A four-man survey party from No.5 Mobile Works Squadron RAAF arrived on Goodenough Island on 3January 1943. They selected Beli Beli Bay as a suitable site for an anchorage. Here, a 5,000-ton (14,000m^{3}) ship could anchor half a mile offshore with some degree of shelter from the south-east and north-west. A member of the survey team and a hundred local workers recruited by ANGAU began constructing a jetty at Beli Beli Bay and improving the foot track to Vivigani. An advance party of 54 men from No.5 Mobile Works Squadron arrived on 27 February 1943.

Plans for Operation Chronicle, the invasion of Woodlark and Kiriwina Islands, called for fighter cover from Goodenough Island. The operation was scheduled for June 1943, so the pace of construction work was accelerated. The rest of No.5 Mobile Works Squadron arrived in late March, followed by No.7 Mobile Works Squadron in April. A 5100 ft fighter strip was completed and sealed with a mixture of gravel and bitumen. P-40 Kittyhawks of No. 77 Squadron RAAF arrived on 12 June. It was joined by Nos.76 and 79Squadrons RAAF on 16 June, and No. 73 Wing RAAF assumed control of the three fighter squadrons on the island. A 6000 ft by 100 ft bomber strip was completed on 20 October, although No. 30 Squadron RAAF had already commenced operations from the strip on 10 October. Work on the airbase at Vivigani continued until November, by which time there were taxiways and dispersal areas for 24 heavy and 60 medium bombers, and 115 fighters.
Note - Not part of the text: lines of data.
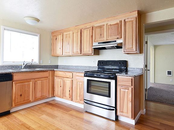 Completely Remodeled three bedroom two bath home in a great Milwaukie neighborhood! This beautiful home has just been remodeled with new granite counter tops, hickory cabinets, bamboo flooring and stainless steel appliances. New tiled floor and tub enclosure in master bath. Master bedroom has walk in closet with skylight and sitting area. Corner lot with huge fenced backyard. Your new home awaits!
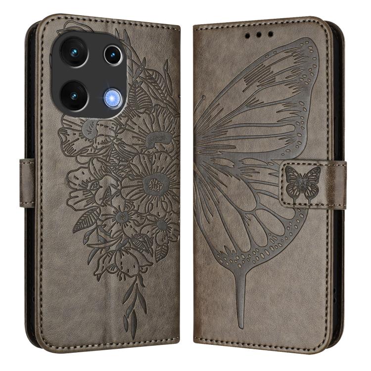 Funda de Cuero para Umidigi Note 100 con Diseño de Mariposa En Relieve (Gris)
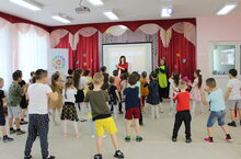 Сегодня в нашем детском саду состоялось развлечение ко Дню английского языка. Старшая и подготовительная к школе группы показали свои знания англиского языка неожиданному гостю, приземлившемуся из другой галактики - динозаврику Гого. Вместе с гостем они узнали много нового о Англии.
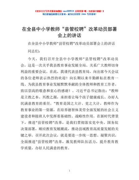 / 在全县中小学教师“县管校聘”改革动员部署会上的讲话
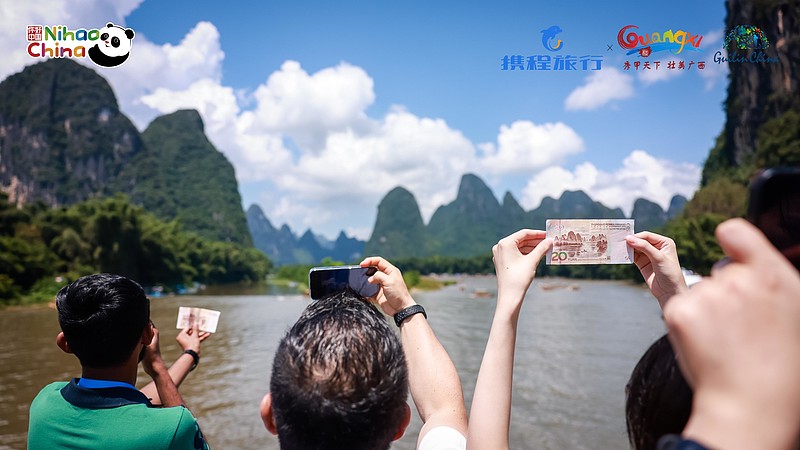【桂林:山水互动忆鲜活】漓江畔,旅行商代表们争先对照20元人民币拍摄同款风景照;靖江王府内纷纷化身古代考生,沉浸式参与科考场景;深入龙脊梯田市集,学几句地道方言,尝一番还价乐趣,笑做一回“本地人”。
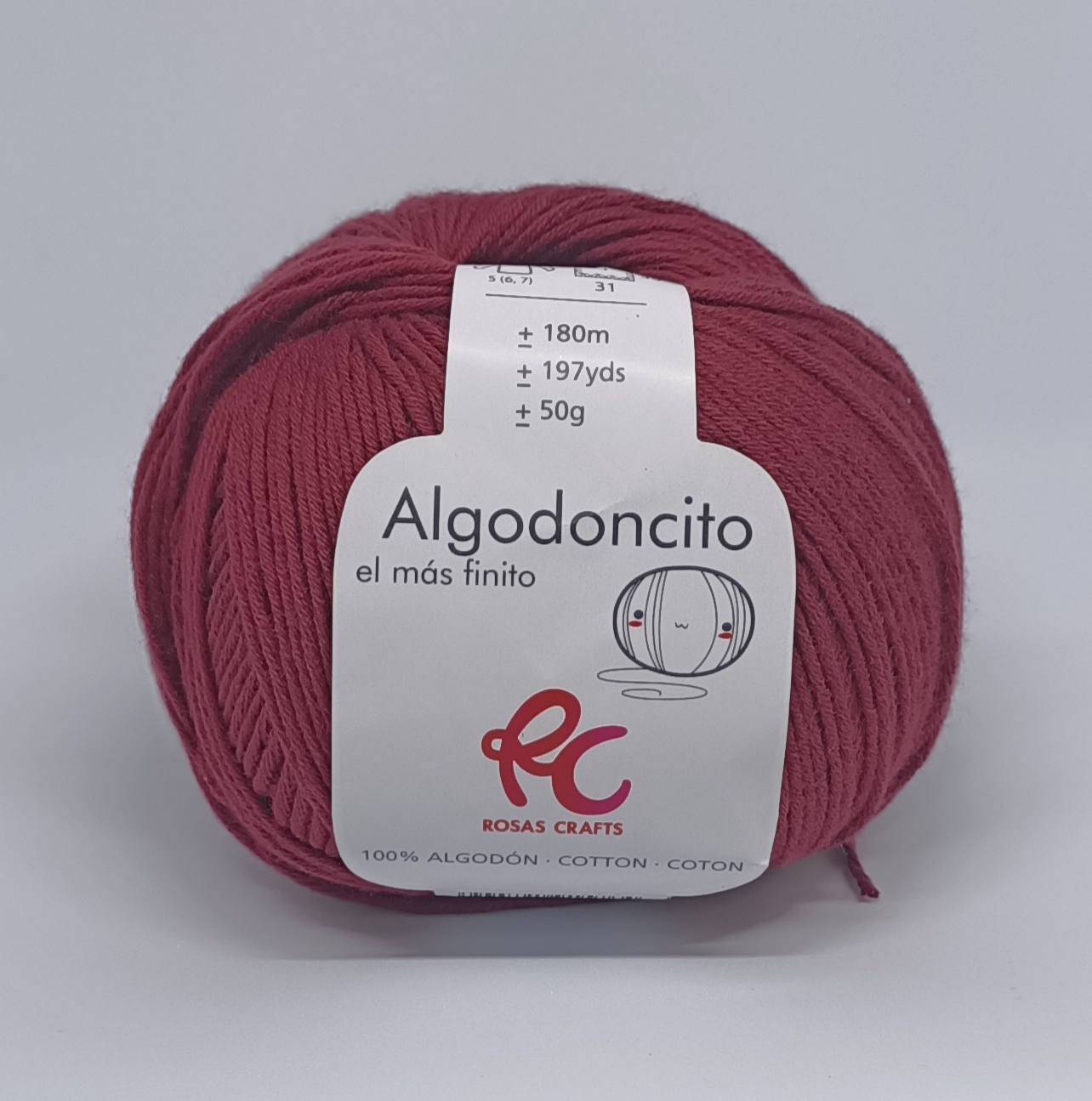 Algodoncito Rosas Crafts en color burdeos143. Algodoncito el más finito de RC clásicos. Es un hilo elaborado en 100% algodón, liso, mate y muy suave. Al ser algodón es un tejido traspirable, suave, natural e ideal para el contacto directo con la piel. Incluso con las pieles mas sensibles. Es perfecto para cualquier confección infantil y bebés. Las prendas hechas con nuestro algodoncito son ideales para cualquier confección de verano y primavera, y se pueden emplear como capas intermedias en otoño y invierno. Tiene una amplia gama de colores.
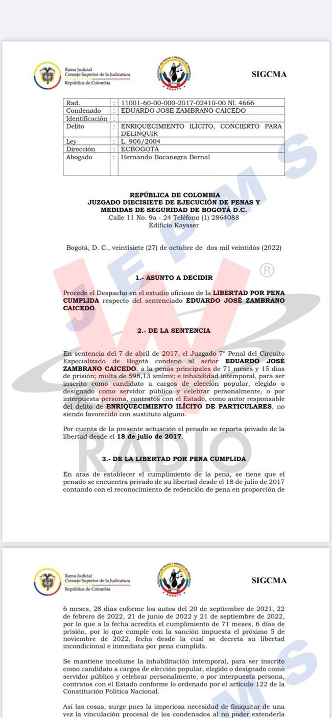 La pena de casi 6 años que tenía que pagar Zambrano, condenado en abril de 2017 por el delito de enriquecimiento ilícito de particulares, ya quedó con su respectivo paz y salvo, por lo que el juzgado 17 de ejecución de penas y medidas de seguridad de Bogotá libró la boleta de libertad.
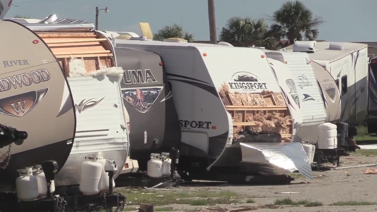 Los fuertes vientos dejaron destrucción de cientos de casas móviles en Emerald Isle

No.7 Mobile Works Squadron also built two wharves for Liberty ships.

The island, now codenamed "Amoeba", became a staging point and supply base for operations in New Guinea and New Britain, and USASOS Sub Base C was established on the island on 27 April 1943. Sub Base C was abolished in July when responsibility for Goodenough Island passed to Alamo Force, whose headquarters opened on Goodenough Island on 15 August. From there, it directed operations in the Battles of Arawae and Cape Gloucester, and the landing at Saidor.
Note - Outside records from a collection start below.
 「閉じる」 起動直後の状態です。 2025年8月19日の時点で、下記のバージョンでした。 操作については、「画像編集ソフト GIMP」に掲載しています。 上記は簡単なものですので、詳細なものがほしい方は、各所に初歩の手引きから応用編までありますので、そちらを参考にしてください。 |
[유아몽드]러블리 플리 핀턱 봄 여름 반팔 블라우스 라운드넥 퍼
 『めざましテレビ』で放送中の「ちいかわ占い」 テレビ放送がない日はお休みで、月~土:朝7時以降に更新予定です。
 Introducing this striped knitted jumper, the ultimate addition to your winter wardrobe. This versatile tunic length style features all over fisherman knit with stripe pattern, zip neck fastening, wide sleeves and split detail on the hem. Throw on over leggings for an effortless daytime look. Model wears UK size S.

In August 1943, Goodenough Island was chosen as the site for a number of hospitals to treat casualties incurred as Allied forces advanced through the Pacific. Work on the 750-bed 360th Station Hospital commenced on 15 September 1943, followed by the 1,000-bed 9th General Hospital on 4November. A staging area for 60,000 troops was also established on the island. Thousands of American troops later passed through Goodenough Island before the base was closed at the end of 1944.